Problem details => Exactly as written, return every line of the data below apart from the pictures.

Supplied data =>
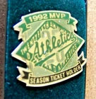 1992 MVP Season Ticket Holder Oakland Athletics A's pin 25th Anniversary Item Description: Type: MLB licensed, silver tone, post and tie-clasp backed, lapel / hat pin Size: measures about 1.5" wide Condition: Excellent condition, minor nicks, marks, light yellowing. Toning on the back. Snap-tite plastic box - some wear, nicks and scratches. There is a crack across the bottom of the box diagonally. No chips or broken hinges/snaps Packaging: snap-tite plastic box Packaging condition: some wear, nicks and scratches. There is a crack across the bottom of the box diagonally. No chips or broken hinges/snaps Shipping: Shipping Time : 1 business day of receiving cleared payment, Mondays thru Fridays. U.S.A. Shipping Costs: FREE! Payment: PayPal is the fastest method, just use the link after buying the listing. Return Policy: Returns accepted, buyer pays return shipping unless there’s an error on seller’s part. Additional Information: Full e-mail support for inquiries or problems. HIGH COUNTRY COLLECTIBLES Since 1989 – A LEADER IN THE DENVER SPORTS MEMORABILIA MARKET. Check out my other auctions and listings, and keep an eye out for the different, unusual, and EXCLUSIVE items available nowhere else but from High Country Collectibles. Don’t forget to click on my "Stores" link, next to my eBay name, to see other items I currently have listed for sale, or you can copy and paste this address into your browser: stores.ebay.com/highcountrycollectibles
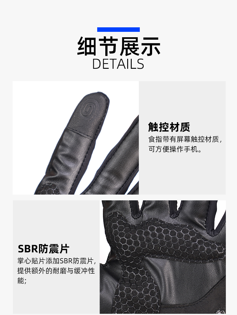 夏季骑行手套的手指手背设计有碳纤护具,手心设计有SBR防震片,手掌采用耐磨布料,保证安全、防滑、避震功能,食指采用可触屏设计,方便操作,适用于特警铁骑夏季骑行。
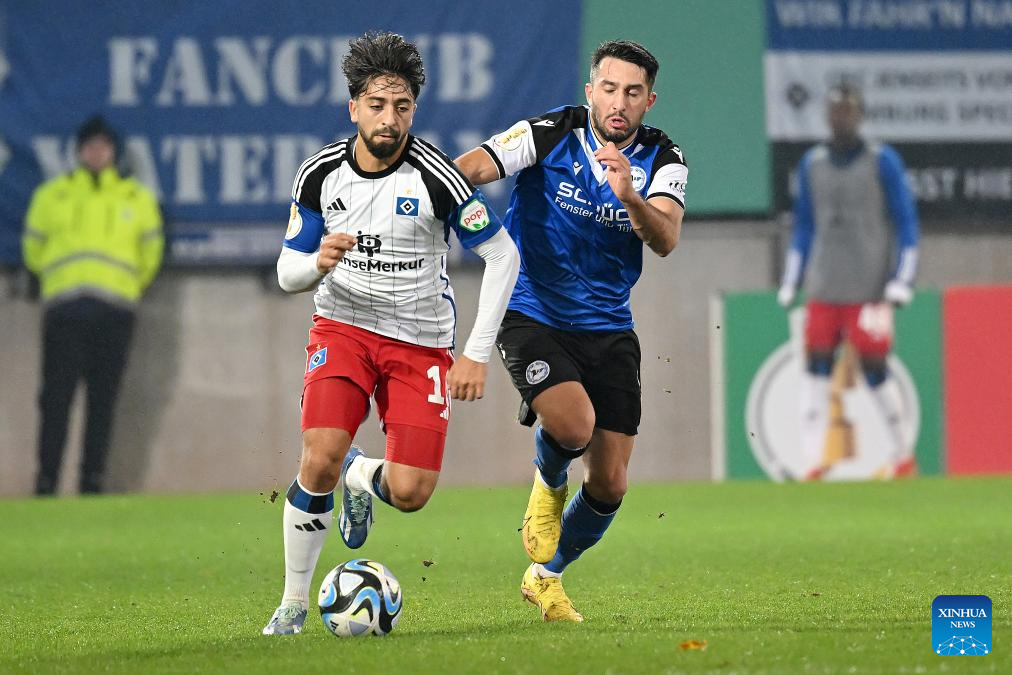 Can Hayri Ozkan (L) of Arminia Bielefeld vies with Ransford-Yeboah Koenigsdoerffer of Hamburger SV during the German Cup football 2nd round match between Arminia Bielefeld and Hamburger SV in Bielefeld, Germany, Oct. 31, 2023. (Photo by Ulrich Hufnagel/Xinhua)

Result of this task =>
 1992 MVP Season Ticket Holder Oakland Athletics A's pin 25th Anniversary Item Description: Type: MLB licensed, silver tone, post and tie-clasp backed, lapel / hat pin Size: measures about 1.5" wide Condition: Excellent condition, minor nicks, marks, light yellowing. Toning on the back. Snap-tite plastic box - some wear, nicks and scratches. There is a crack across the bottom of the box diagonally. No chips or broken hinges/snaps Packaging: snap-tite plastic box Packaging condition: some wear, nicks and scratches. There is a crack across the bottom of the box diagonally. No chips or broken hinges/snaps Shipping: Shipping Time : 1 business day of receiving cleared payment, Mondays thru Fridays. U.S.A. Shipping Costs: FREE! Payment: PayPal is the fastest method, just use the link after buying the listing. Return Policy: Returns accepted, buyer pays return shipping unless there’s an error on seller’s part. Additional Information: Full e-mail support for inquiries or problems. HIGH COUNTRY COLLECTIBLES Since 1989 – A LEADER IN THE DENVER SPORTS MEMORABILIA MARKET. Check out my other auctions and listings, and keep an eye out for the different, unusual, and EXCLUSIVE items available nowhere else but from High Country Collectibles. Don’t forget to click on my "Stores" link, next to my eBay name, to see other items I currently have listed for sale, or you can copy and paste this address into your browser: stores.ebay.com/highcountrycollectibles
 夏季骑行手套的手指手背设计有碳纤护具,手心设计有SBR防震片,手掌采用耐磨布料,保证安全、防滑、避震功能,食指采用可触屏设计,方便操作,适用于特警铁骑夏季骑行。
 Can Hayri Ozkan (L) of Arminia Bielefeld vies with Ransford-Yeboah Koenigsdoerffer of Hamburger SV during the German Cup football 2nd round match between Arminia Bielefeld and Hamburger SV in Bielefeld, Germany, Oct. 31, 2023. (Photo by Ulrich Hufnagel/Xinhua)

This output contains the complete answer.